# Yanmar 1700 3 point lift operation



## jjbaker210

I am newbie to tractors and just purchased a Yanmar 1700D. I was hoping someone might explain the 3 point lift controls to me. I know the lever on the right handside lowers and raises the lift arms. My tractor does this just fine. It holds the implement raised and it will lower it all the way. Is it supposed to hold it anywhere in between and what do you use the rotating knob under the seat for. I know it will lock the arms in a certain position but when should you do this? When operating the bush hog should the mower deck sit on the skids when running or is the front supposed to be raised some? I cannot keep it raised with the 3pt lift lever except in the all the way up position. 
Thanks for any help on this. Jeff


----------



## Hoodoo Valley

Welcome to the forum Jeff! The knob under the seat is your "rate of flow" knob and controls how fast the 3 point falls with the lowering lever fully released.. Be sure not to crank it tightly closed because it will cause damage to the valve. You should be able to place your impliment at any point between fully raised and lowered. The brush hog should be elevated off the ground slighly. I hope this helps.


----------



## winston

All these old Yanmars are not created equal. The round handled valve under the seat on a 1700 is only to be used for locking the 3 point in a desired position and not meant to be used while in operation. Some models including my 2002d do use this valve for adjusting drop speed. If you close that stop valve with the lift handle in any position other than all the way up and then pull the lever up higher you stand a good chance of shearing a pump key or destroying your pump. Hope that makes sense. 
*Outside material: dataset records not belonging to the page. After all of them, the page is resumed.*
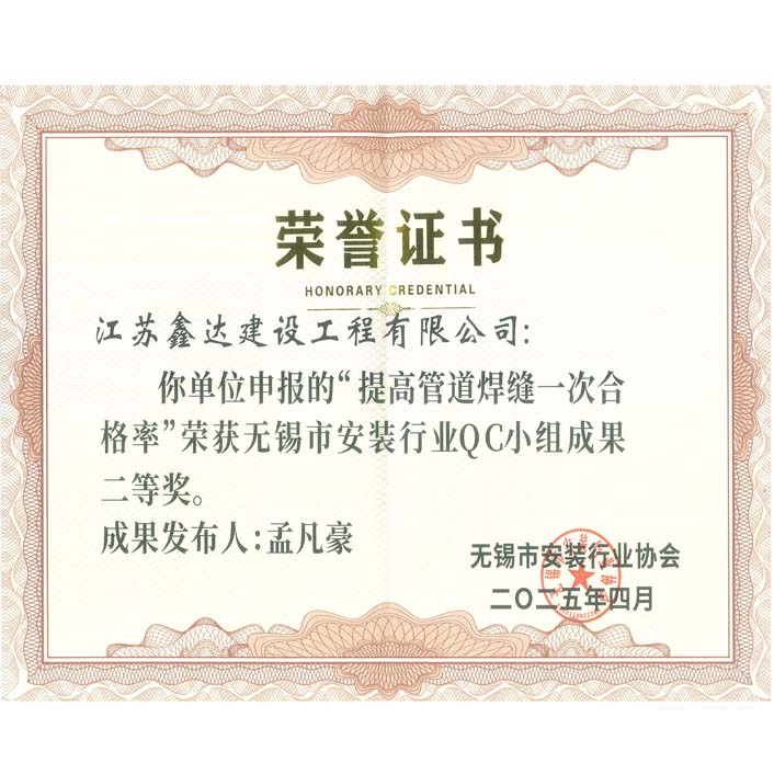 无锡市安装行业QC小组成果二等奖(孟凡豪)
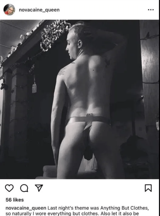 We spoke with a concerned parent within the school who told us that Van Vreede had allegedly told students how to find him on social media by providing them with his Instagram and TikTok handles (novacaine_queen), exposing them to the shocking images he had shared of himself. Among the images that students allegedly saw is a nearly nude photo Bryce wore to an “Anything But Clothes” party. He poses with his back to the camera, wearing what seems to be a duct tape thong. As you can see, pretty much nothing is left to the imagination.
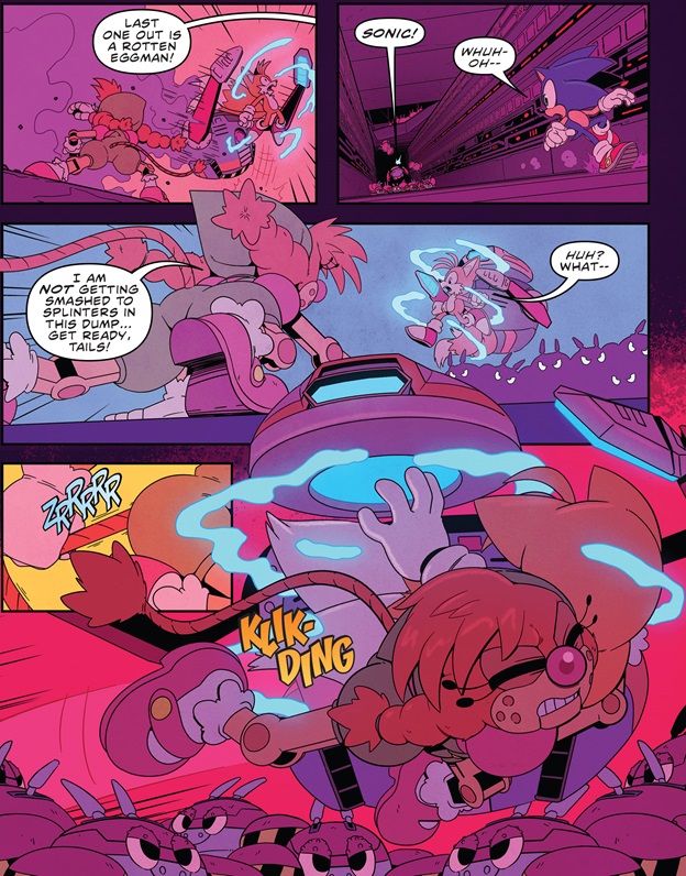 The issue begins with Sonic, Tails, and the living puppet Belle facing their greatest and oldest enemy to date; confusing action scenes that don’t adequately convey spatial relations!  Yeah, I know I’m a broken record on this, but these early pages are another example of the artist just not doing a great job conveying necessary details or relative threats.  The first thing we see low angle shot of them in a rather narrow but tall room (looking a bit like a silo) that is filling from bottom to top with badnicks.  Clearly they would have to find a way out by going UP, right?  No, it’s actually just a PYRAMID of badnicks and they decide to swarm on the side of the room that DOESN’T have the very obvious exit door.  Then as soon as they escape that room and are in the corroder, what I THINK happens is that a grabby badnick drops out of the ceiling to snatch Tails and Bell doing SOMETHING with her tail to save him.
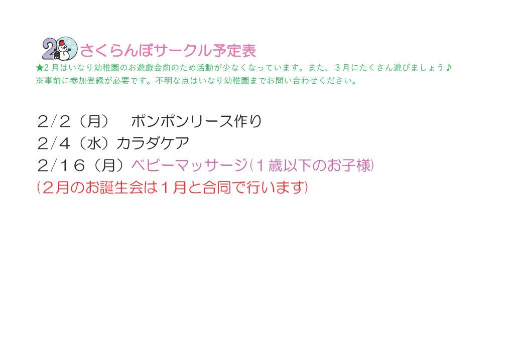 - 【さくらんぼサークル】1月・2月プログラム 受付中です

The drop speed on a 1700 is to be controlled with this little valve handle. Note the roll pin #14 acts as the handle on shaft #9. It has 3 positions. http://www.hoyetractor.com/mm5/merchant.mvc?Screen=CTGY&Store_Code=HTE&Category_Code=YM17003PTCON


----------



## Mickey

As Winston has said, not all Yanmars operate the same. On mine, the 3pt stays at any hight position set the lift control. Will stay in that position for weeks on end. I normally operate the valve between your legs wide open but have used it to control drop rate when heavy attachments are used.


----------



## jjbaker210

I noticed mine is set up like winston said in his post. After looking at my manual from Hoye I think maybe the adjustment nut and bolt on my position control lever are all rusted. So I may replace those. Some one also suggested using a check chain on the mower because the float position is with the lever all the way forward any way. Thanks for the help. Jeff


----------